Klinik Değerlendirme ve Formülasyon
Terapi hedefleri belirlemek için örnek sorular

• Eğer yaşadığınız rahatsız edici durum olmasaydı hayatınız nasıl olurdu?


• Eğer böyle bir problem olmasaydı bugün nerede olurdunuz?
• Bu problem hayatınızdan neleri götürdü?
• Terapiden beklentileriniz nelerdir?
• Terapinin başarılı olduğunu düşünürseniz sizin için neler değişmiş
olacak?
Terapi Süreci
Görüşme ortamının fiziki şartları nedir?
• Danışanın ve terapistin rahatsız edilmeyeceği özel bir alan
• Eşit şartlarda bir oturma pozisyonu (koltuk veya sandalyenin aynı oranda
olması)
• Danışanın kendisini rahatsız hissetmeyeceği bir hizada oturma (örneğin, tam
karşısında)
• Odada ideolojik bir sembol veya terapistin kişisel hayatıyla ilgili özel bir detayın
bulunmaması
• Aydınlatmanın göz iletişimi kurmayı engellemeyecek biçimde olması
• Oda mutlaka su ve peçete bulundurmak gerekir
• Dikkati dağıtacak renkler ve objeler seçmekten kaçınmak gerekir
Terapi Süreci
Görüşmede Empati

• Danışanla iletişiminizde göz temasına yer verin


• Ses tonunuzu etkili ve anlaşılır bir biçimde kullanın
• Danışanınızı dinlerken dinlediğinizi gösterebilen bir beden dili kullanın (kafa sallamak, ‘hı hı’
gibi onaylayan ikilemeler kullanmak, gözlerinizle onaylamak gibi)
• Beden dilinizin ona tam açıyla dönük olmasına ve hafif ona doğru eğilmeye dikkat edin, bu
sayede teşvik edici olacaksınız
• Danışanınızın belirgin bir şekilde dile getirdiklerini, anladığınızı ifade ederek tekrar
edebilirsiniz
• Anlamaya çalıştığınızı göstermek amacıyla, danışanın anlattıklarını farklı kelimelerle yeniden
ifade ederek onay isteyebilirsiniz
• Uzunca anlatılan konuları özetlemeye çalışarak değer verdiğinizin altını çizebilirsiniz
Terapi Süreci
İlk Görüşme ve Yapısı

GİRİŞ GELİŞME SONUÇ


Tanışma ve terapi Tanısal Özetleme ve
süreci hakkında değerlendirme, bilgileri kategorize
bilgilendirme davranışların analiz etme,
Danışan edilmesi (sorunlar, değerlendirmeyle
tarafından tetikleyiciler, ilgili danışana şeffaf
problem ayrıntılar), terapi ve incitmeyen
cümlelerin ifade hedefleri belirleme paylaşımda
edilmesi bulunmak, tedavi
içeriğine ve sürece
dair bilgi vermek
Terapi Sürecinde Giriş Bölümü
1. İçten bir gülümsemeyle içeri davet edin, izlenimlerini ve durumunu sorun
(Örneğin; buraya kolay ulaşabildiniz mi, nasılsınız gibi)

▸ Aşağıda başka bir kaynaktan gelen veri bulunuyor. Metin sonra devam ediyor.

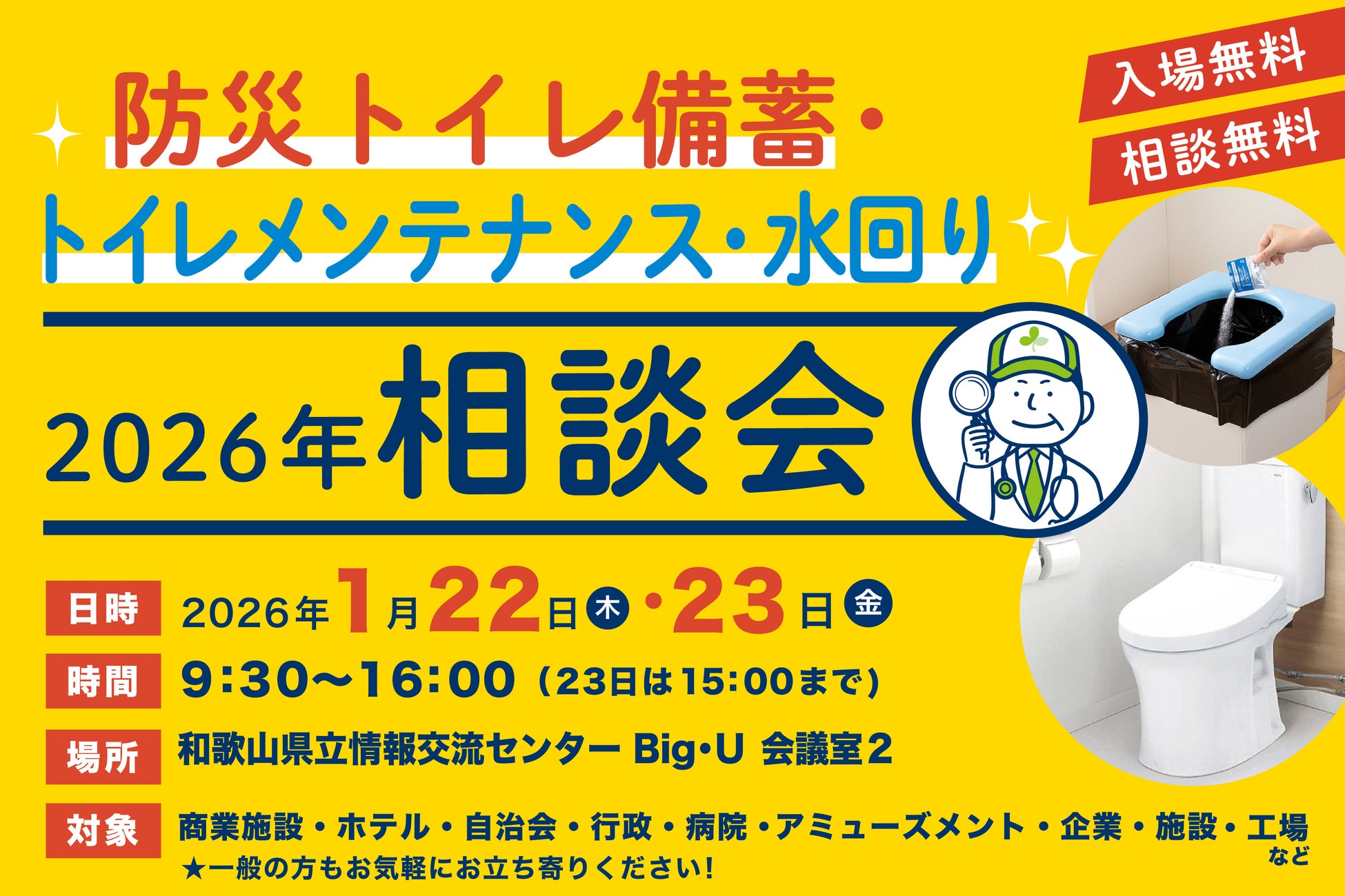 掃除・防災・ペット用品を中心に、生活サポート用品の商品開発から製造、販売までを一気通貫して提供する株式会社サンコー(本社:和歌山県海南市、代表取締役:角谷太基)は、株式会社金子水道工業所様(白浜町)と共催で、商業施設・ホテル・病院・工場などの法人・施設担当者を対象とした「防災トイレ備蓄・トイレメンテナンス・水回り相談会」を、2026年1月22日・23日の2日間にわたり、和歌山県立情報交流センター Big-Uにて開催します。

2. Kendinizi alçak gönüllü bir biçimde tanıtarak, güvende hissetmesini ve


ona yardımcı olabileceğinizi anlamasını sağlayın
3. İlk görüşmenin maksadından ve işleyişinden söz edin, soracağınız
soruların nedenleri hakkında bilgi verin (Örneğin; ilk görüşmemizin amacı
sizi buraya getiren nedenleri değerlendirmek, sorunları sizden dinlemek
istiyorum sonrasında detaylı olarak üzerine düşeceğim)
Terapi Sürecinde Giriş Bölümü
4. Başlamadan önce merak ettiklerini sorarak varsa cevaplandırmaya özen
gösterin ve görüşmenin her anında soru sorabileceğini söyleyerek
rahatlamasını sağlayın (Başlamadan önce merak ettikleriniz var mı?)
5. Gizlilik ilkesi hakkında bilgiler vererek güvenli ortamı pekiştirin, not
almanın gerekliliklerden söz edin (Örneğin; söylediklerinizi terapi
sonrasında sizi değerlendirirken yardımcı olması için not almam gerekiyor
böylece sizinle olan süreci daha başarılı yönetebilirim)
6. Danışanın temel bilgilerini 'sizi tanımak için temel soruları sorabilir
miyim?' diyerek sormaya başlayabilirsiniz (Doğum tarihi, medeni durumu,
eğitimi, aile hayatı, iş hayatı, sosyal hayatı vs.)
Terapi Sürecinde Giriş Bölümü
7. Danışanın problemini açık uçlu ve normalleştirerek sormaya özen gösterin
(Örneğin; sizi buraya getiren nedir? Burada neleri ifade etmek istiyorsunuz?
Size nasıl yardım edebilirim? gibi)
8. Danışana sorunu sorduktan sonra müdahale etmeden o bitirene kadar
dinlemeye özen gösterin, onu yönlendirmekten ve bölmekten sakının
böylece farkında olmadan detayları daha rahat bir biçimde ifade edecektir.
Böylece siz de onu dinlerken daha etkili hipotezler kurabilirsiniz.
9. Danışan duraksadığında veya bitirdiğinde eksik kaldığını düşündüğünüz
noktaları tecrübenizle sorabilirsiniz; ilk görüşmede tanımaya çalıştığınız için
açık uçlu sorular sormanız daha doğru olacaktır.
Terapi Sürecinde Giriş Bölümü
10. Karşınızda sosyal fobisi olan, sosyal becerileri eksik, çekingen, güvensiz
veya iletişim problemleri olan bir danışan varsa ona karşı daha özenli ve
teşvik edici olmaya özen gösterin. Böyle durumlarda beden diliniz
dinlemeye daha açık ve alıcı bir tutum sergilemelidir.
11. İlk görüşmede danışan bazı sorunlar üzerine konuşmak istemeyebilir, ilk
görüşmeler terapide güveni inşa eden en önemli görüşmelerdir. Danışanın
sakıncalı bulduğu alanlarda ısrarcı olmaktan kaçının.
12. Terapide gerçekleştirecek olduğunuz temel aktivitelerden açıkça söz edin
(Örneğin; bilişsel davranışçı bir terapistin terapide haftalık olarak davranışçı
ödevlerden yararlanması gerekir)
Terapi Süreci Gelişme Bölümü
Terapinin Gelişme Bölümü nasıl olmalıdır?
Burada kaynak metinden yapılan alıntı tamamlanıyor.